Release article: https://qiita.com/shallowdf20/items/36727c9a18f5be365b37 document: https://shallowdf20.github.io/dataliner/preprocessing.html

Installation

! pip install -U dataliner

Data preparation

Prepare Titanic data as usual.

import pandas as pd
import dataliner as dl

df = pd.read_csv('train.csv')
target_col = 'Survived'

X = df.drop(target_col, axis=1)
y = df[target_col]
PassengerId Pclass Name Sex Age SibSp Parch Ticket Fare Cabin Embarked
1 3 Braund, Mr. Owen Harris male 22 1 0 A/5 21171 7.250 NaN S
2 1 Cumings, Mrs. John Bradley (Florence Briggs Thayer) female 38 1 0 PC 17599 71.283 C85 C
3 3 Heikkinen, Miss. Laina female 26 0 0 STON/O2. 3101282 7.925 NaN S
4 1 Futrelle, Mrs. Jacques Heath (Lily May Peel) female 35 1 0 113803 53.100 C123 S
5 3 Allen, Mr.
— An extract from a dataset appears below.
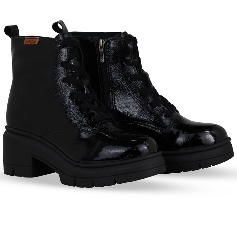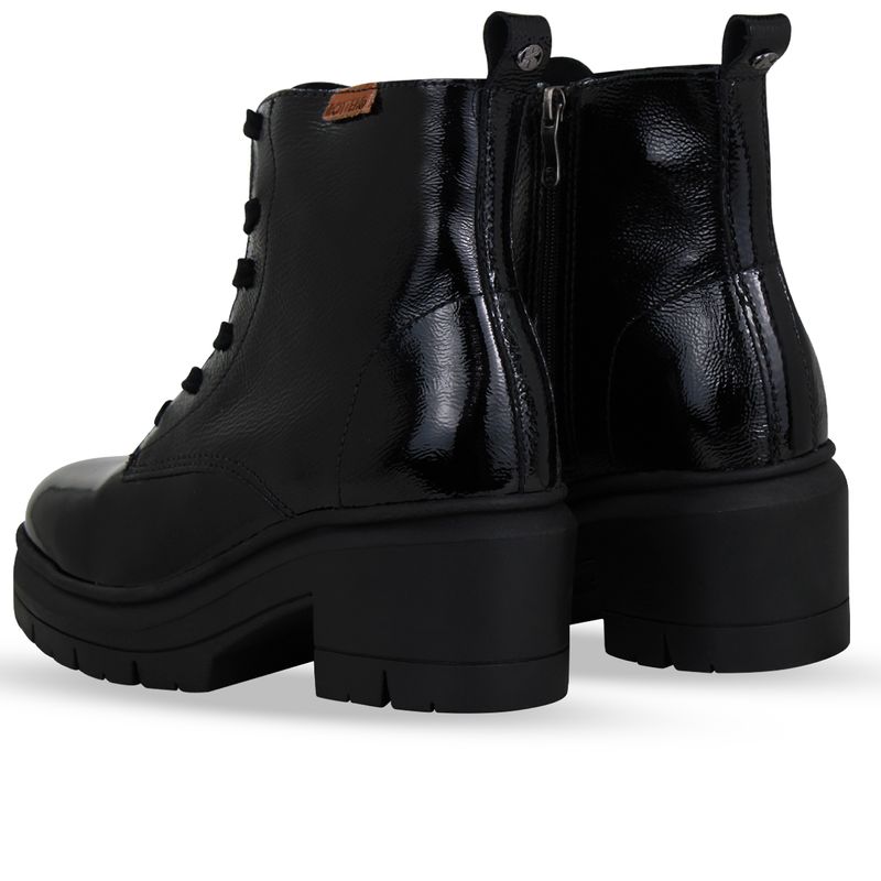 Bota coturno em couro verniz show preto. De salto tratorado alto e bico redondo. Possui zíper na lateral interna e fechamento em cadarços que facilitam o ajuste ao pé.

William Henry male 35 0 0 373450 8.050 NaN S

AppendAnomalyScore The Isolation Forest is trained based on the data, and the outlier score is added as a new feature. Missing value completion and categorical variable processing are required before use.

trans = dl.AppendAnomalyScore()
process = make_pipeline(
    dl.ImputeNaN(),
    dl.RankedTargetMeanEncoding(),
    trans
)
process.fit_transform(X, y)
PassengerId Pclass Name Sex Age SibSp Parch Ticket Fare Cabin Embarked Anomaly_Score
1 3 640 2 22 1 0 141 7.250 144 3 0.04805
2 1 554 1 38 1 0 351 71.283 101 1 -0.06340
3 3 717 1 26 0 0 278 7.925 144 3 0.04050
4 1 803 1 35 1 0 92 53.100 33 3 -0.04854
5 3 602 2 35 0 0 113 8.050 144 3 0.06903

AppendCluster The data is clustered in KMeans ++, and as a result, the number of the cluster to which each data belongs is added as a new feature. Missing value completion and categorical variable processing are required before use. Scaling is also recommended.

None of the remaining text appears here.